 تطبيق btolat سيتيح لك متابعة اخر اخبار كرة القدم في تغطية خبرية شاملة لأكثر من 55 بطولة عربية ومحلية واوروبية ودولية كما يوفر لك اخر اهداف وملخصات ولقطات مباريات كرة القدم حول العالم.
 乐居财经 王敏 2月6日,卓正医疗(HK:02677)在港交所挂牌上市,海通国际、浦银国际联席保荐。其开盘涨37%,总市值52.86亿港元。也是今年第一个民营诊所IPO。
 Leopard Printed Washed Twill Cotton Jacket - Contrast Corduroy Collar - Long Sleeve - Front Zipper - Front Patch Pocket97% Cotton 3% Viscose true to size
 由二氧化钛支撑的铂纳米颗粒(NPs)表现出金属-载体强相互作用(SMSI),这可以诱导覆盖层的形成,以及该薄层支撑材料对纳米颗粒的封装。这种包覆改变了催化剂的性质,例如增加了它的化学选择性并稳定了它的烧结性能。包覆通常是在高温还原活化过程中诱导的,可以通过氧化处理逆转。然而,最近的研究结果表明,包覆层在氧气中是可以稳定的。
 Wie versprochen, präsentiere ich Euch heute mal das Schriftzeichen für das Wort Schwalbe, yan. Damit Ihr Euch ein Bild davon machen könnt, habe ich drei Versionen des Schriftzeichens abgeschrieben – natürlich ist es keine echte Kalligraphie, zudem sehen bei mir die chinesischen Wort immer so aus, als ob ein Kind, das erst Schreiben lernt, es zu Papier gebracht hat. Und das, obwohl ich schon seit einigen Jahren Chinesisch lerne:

..........

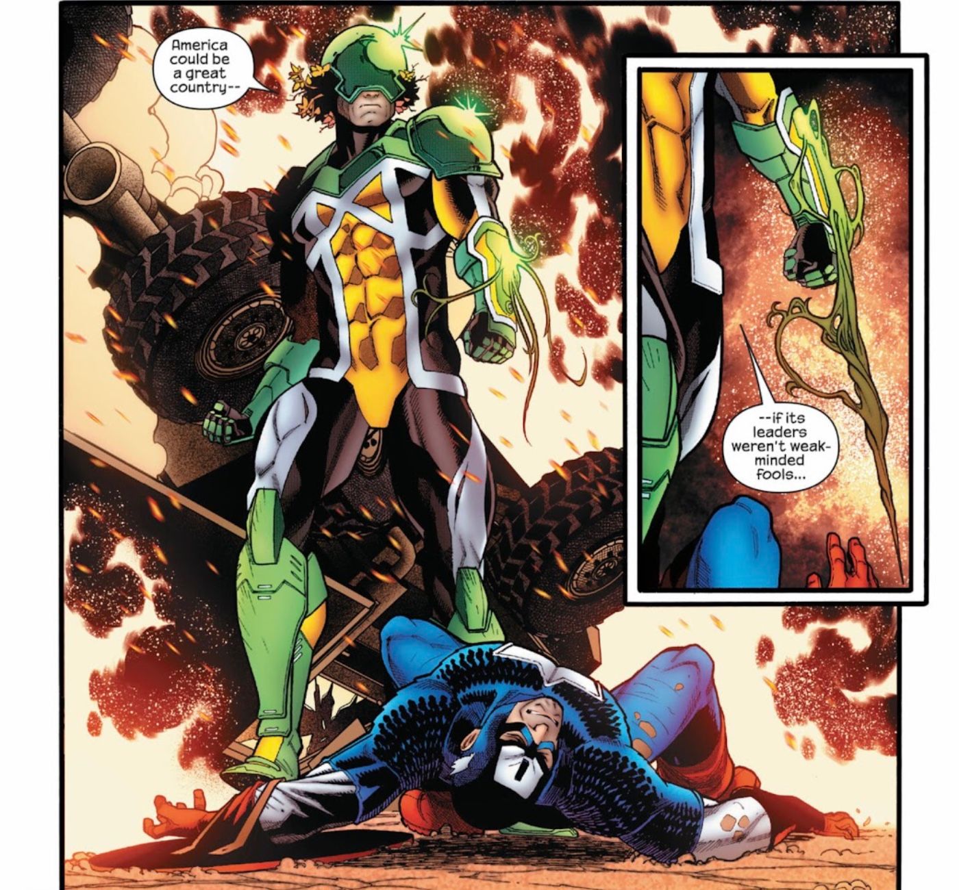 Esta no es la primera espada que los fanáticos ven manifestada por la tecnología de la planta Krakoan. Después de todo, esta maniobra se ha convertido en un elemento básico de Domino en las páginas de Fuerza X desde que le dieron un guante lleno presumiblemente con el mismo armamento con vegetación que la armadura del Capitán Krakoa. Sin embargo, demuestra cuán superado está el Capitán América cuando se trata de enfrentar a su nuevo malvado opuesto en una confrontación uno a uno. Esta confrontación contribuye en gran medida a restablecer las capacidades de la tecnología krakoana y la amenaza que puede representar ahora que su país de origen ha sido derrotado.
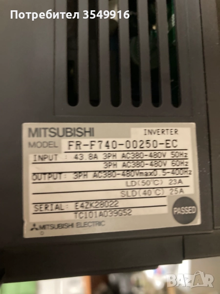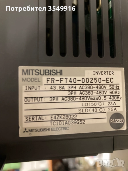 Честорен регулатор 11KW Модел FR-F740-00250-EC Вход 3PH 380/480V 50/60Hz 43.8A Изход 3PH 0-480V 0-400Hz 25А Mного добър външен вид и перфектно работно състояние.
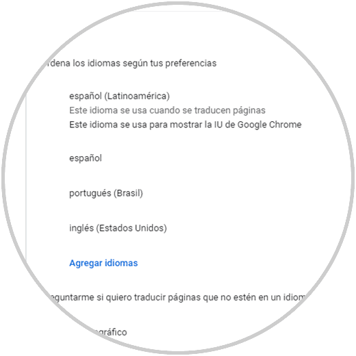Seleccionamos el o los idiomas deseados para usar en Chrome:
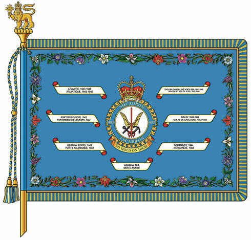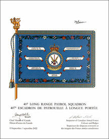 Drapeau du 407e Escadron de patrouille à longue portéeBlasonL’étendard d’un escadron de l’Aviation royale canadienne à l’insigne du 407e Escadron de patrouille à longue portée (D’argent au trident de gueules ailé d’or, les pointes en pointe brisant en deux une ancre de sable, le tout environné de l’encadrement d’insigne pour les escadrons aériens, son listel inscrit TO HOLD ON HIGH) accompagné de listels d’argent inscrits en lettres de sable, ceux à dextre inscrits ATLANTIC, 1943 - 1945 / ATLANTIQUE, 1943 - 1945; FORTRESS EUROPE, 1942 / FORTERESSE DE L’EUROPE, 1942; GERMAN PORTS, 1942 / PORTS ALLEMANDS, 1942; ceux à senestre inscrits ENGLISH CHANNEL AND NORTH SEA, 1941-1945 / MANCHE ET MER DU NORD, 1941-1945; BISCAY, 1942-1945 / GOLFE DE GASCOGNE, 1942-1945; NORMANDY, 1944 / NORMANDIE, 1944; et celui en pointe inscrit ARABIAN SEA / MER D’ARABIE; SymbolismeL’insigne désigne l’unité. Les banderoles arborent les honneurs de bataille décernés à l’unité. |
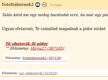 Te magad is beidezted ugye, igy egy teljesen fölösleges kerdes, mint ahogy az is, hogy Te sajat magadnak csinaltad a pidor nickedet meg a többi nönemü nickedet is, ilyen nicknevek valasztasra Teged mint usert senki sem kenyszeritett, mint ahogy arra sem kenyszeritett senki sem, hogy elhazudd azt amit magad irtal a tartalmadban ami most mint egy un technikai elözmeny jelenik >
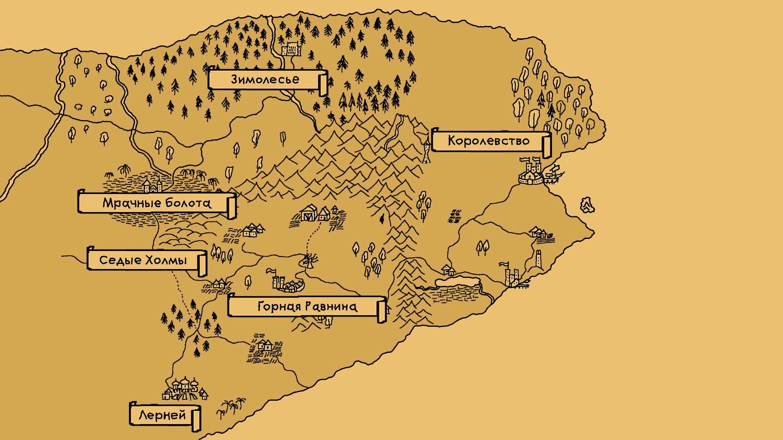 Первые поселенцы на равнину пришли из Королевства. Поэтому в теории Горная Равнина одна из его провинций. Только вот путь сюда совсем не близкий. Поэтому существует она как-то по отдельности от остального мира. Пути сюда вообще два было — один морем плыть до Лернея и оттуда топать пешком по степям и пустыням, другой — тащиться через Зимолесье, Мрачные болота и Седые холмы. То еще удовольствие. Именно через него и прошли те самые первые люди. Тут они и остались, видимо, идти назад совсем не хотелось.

..........

Using the entries above, give again exactly the lines from the line holding "تطبيق btolat سيتيح" through the line holding "由二氧化钛支撑的铂纳米颗粒(NPs)表现". Include both end lines and nothing else.

 تطبيق btolat سيتيح لك متابعة اخر اخبار كرة القدم في تغطية خبرية شاملة لأكثر من 55 بطولة عربية ومحلية واوروبية ودولية كما يوفر لك اخر اهداف وملخصات ولقطات مباريات كرة القدم حول العالم.
 乐居财经 王敏 2月6日,卓正医疗(HK:02677)在港交所挂牌上市,海通国际、浦银国际联席保荐。其开盘涨37%,总市值52.86亿港元。也是今年第一个民营诊所IPO。
 Leopard Printed Washed Twill Cotton Jacket - Contrast Corduroy Collar - Long Sleeve - Front Zipper - Front Patch Pocket97% Cotton 3% Viscose true to size
 由二氧化钛支撑的铂纳米颗粒(NPs)表现出金属-载体强相互作用(SMSI),这可以诱导覆盖层的形成,以及该薄层支撑材料对纳米颗粒的封装。这种包覆改变了催化剂的性质,例如增加了它的化学选择性并稳定了它的烧结性能。包覆通常是在高温还原活化过程中诱导的,可以通过氧化处理逆转。然而,最近的研究结果表明,包覆层在氧气中是可以稳定的。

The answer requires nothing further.